Sleep has been an elusive little bastard lately.
Though that detail seems a little irrelevant at this moment. I started writing this in the middle of the night, but now I’m editing it in the middle of the afternoon. Because I am efficient like that.
I’ve lost count how many times I’ve started and deleted this post in the last twenty-four hours. (More like forty-eight at this point.) In part because I’ve been in a foul mood and everything just comes out as a bunch of bitching and whining. In part because I don’t have any real clear idea of what I even want to write about. I just feel like I need to write something here, so I keep hacking and slashing at this draft, hoping something worth saving* will manifest on the screen.
I average about one post a month around these parts.
I used to write more.
Sometimes I still do.
It’s certainly not for lack of trying. I open up blank drafts (or existing ones) all the time. But I generally stare at the blinking cursor for an indeterminate amount of time, before closing it out and return to tabbing between Twitter and Word.
I suppose if all else fails, I could easily ramble on for a few hundred (or thousand) words about whatever story project I’ve been beating myself about the head over. There’s no shortage of commentary in that department. But the true challenge with that idea, is writing something that actually makes sense. My thought process when working through ideas (and their multitude of details and problems) is so disjointed. When I write about it here, I put a hell of a lot of effort into making sure it makes sense, so when I come back to it somewhere down the line (because I always do) I have at least some idea of what the hell I was talking about.
My biggest issue tends to be that everything sounds so damn cryptic, even though it isn’t meant to be. Like I’m protecting my ideas from getting spoiled or stolen, so I have to be super careful about what I say. I have no intentions or delusions of publishing this stuff I’m writing, so keeping details under lock and key isn’t a high priority concern at this point. I just want to finish something for me. Bonus points if I don’t absolutely hate it.
But really, there are only so many posts I can spit out in a row of incessant babbling about stories before even I’m just JFC SHUT UP ABOUT IT ALREADY.
I annoy myself.
I haven’t made much progress on any one story as of late. I’ve been jabbing at a lot of different ones, and maybe if I combined all that I’ve written into one place, it would add up to a lot, but on a single project? Not so much. I keep revisiting the same ideas, trying to figure out what the block is preventing progress. A lot of it is lack of a proper timeline. Narrative is always a bitch. And some are just vacant in the overall plot department. I’ve designed half a dozen floor plans in the past couple weeks, but the stories they’re intended for have barely moved.
And then there’s the ever-helpful** BASIL and his relentless WHATIF campaign.

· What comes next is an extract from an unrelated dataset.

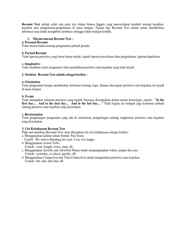 6 contoh recount text pengalaman pribadi dalam bahasa inggris dan artinya dalam bahasa inggris pengalaman pribadi sering diceritakan dalam sebuah teks yang disebut recount text. Laporan peristiwa yang benar benar terjadi fakta di masa lampau seperti laporan percobaan ilmu pengetahuan laporan kepolisian. 25 contoh recount text pendek singkat dalam bahasa inggris dan artinya biasanya sebagai latihan tugas di awal semester tahun ajaran baru para guru bahasa inggris akan memberi kita tugas untuk membuat contoh recount text yang pendek teks recount sederhana atau mungkin juga text recount pendek dan sederhana tentang liburan atau tentang pengalaman selama liburan. 6 contoh recount text tentang pengalaman pribadi yang tak terlupakan dan artinya 5 contoh recount text pengalaman hidup biography contoh recount text for senior high school dan junior highschool contoh recount text holiday idul fitri 25 contoh pengalaman pribadi pendek dan artinya dan 18 contoh narrative text. Pengalaman di sekolah atau juga bahkan pengalaman yang tak terlupakan yang membuat kita selalu mengingat kejadian tersebut. Contoh recount text tentang pengalaman pribadi.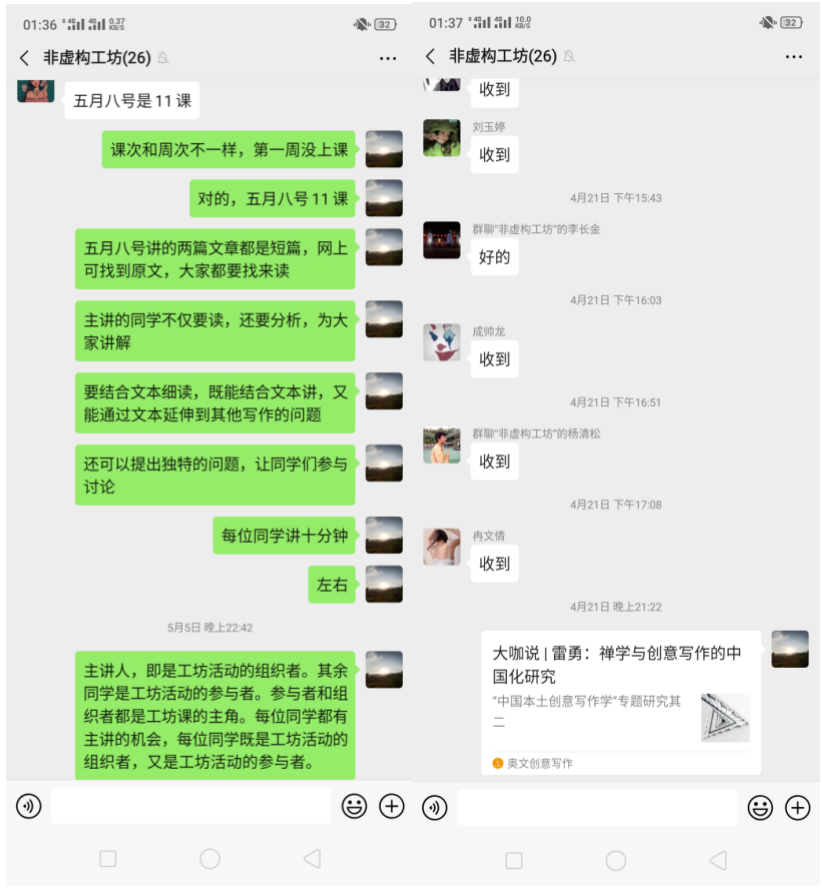 老师还建立了一个微信班群,老师经常会在群里讨论、分享一些与课程相关的内容。微信群仿佛成了我们学习写作的第二课堂。毕竟老师的阅历比我们丰富,老师转发的内容,都是经过他精心挑选的内容,极大地拓宽了我们的视野。“课堂上时间有限,不可能把所有的东西都讲完,我平日看到不错的内容就顺手转发到我们的小群里,大家感兴趣的话就会点开阅读,其实这也是我们课堂教学的一种延伸。”佘老师说。

What if you combined these two lackluster ideas to make one much more interesting story? Wait–wait, what if you added in this third plotline? Hold on, what if you took that one idea and wedged it into this story that’s super boring? You’d have to pretty much rewrite everything you have written, but it could work. Hey, this story doesn’t have ∞Tyler in it. We need to shoehorn him in there somewhere. Let’s take this story from ten years ago and update it with a complete cast overhaul and major plot changes and ∞Tyler. Wait—hear me out—what if…
Though I am considering one of those. Taking an idea that falls a little short on its own and combining it with one that’s far too boring—even for me—and potentially making something else entirely. It would require a hell of a lot of rewrites to make it work. It would change A LOT with the dynamic of the characters. (It already has ∞Tyler, but it would add some pieces to his story that are currently lacking.)
I just don’t know if it’s actually a feasible idea, or if I’m just grasping at straws on a story that really isn’t salvageable. I’m not ready to let it roll over and die just yet. I’m convinced there is a way to fix it. I just don’t know if THIS is it. It would really change a lot with the dynamic of the characters, and I don’t know if I actually like what those changes would be.
Worst case scenario, I try making the changes and it’s a colossal failure. But then I would know, instead of constantly wondering about Basil’s latest whatif, and not getting any writing done because I’m too distracted by that one thing.
If I take my time figuring out what needs to be changed with the existing material, it could work. The story as is, is lacking conflict. This would add some. But I don’t know if it would feel like it’s a natural part of the story, or if it would feel like I just crammed it in there as an afterthought just to make conflict where there really is none. I could be just making everything far more convoluted than it needs to be.
Which…is really every story I’ve ever written.
* I stared at that line for far too long, thinking it seemed weird, until I finally realized that it’s the title of Gavin DeGraw’s latest album. Despite my penchant for using song lyrics as post titles, that was completely unintentional.
** Not at all helpful. Seriously. Not at all.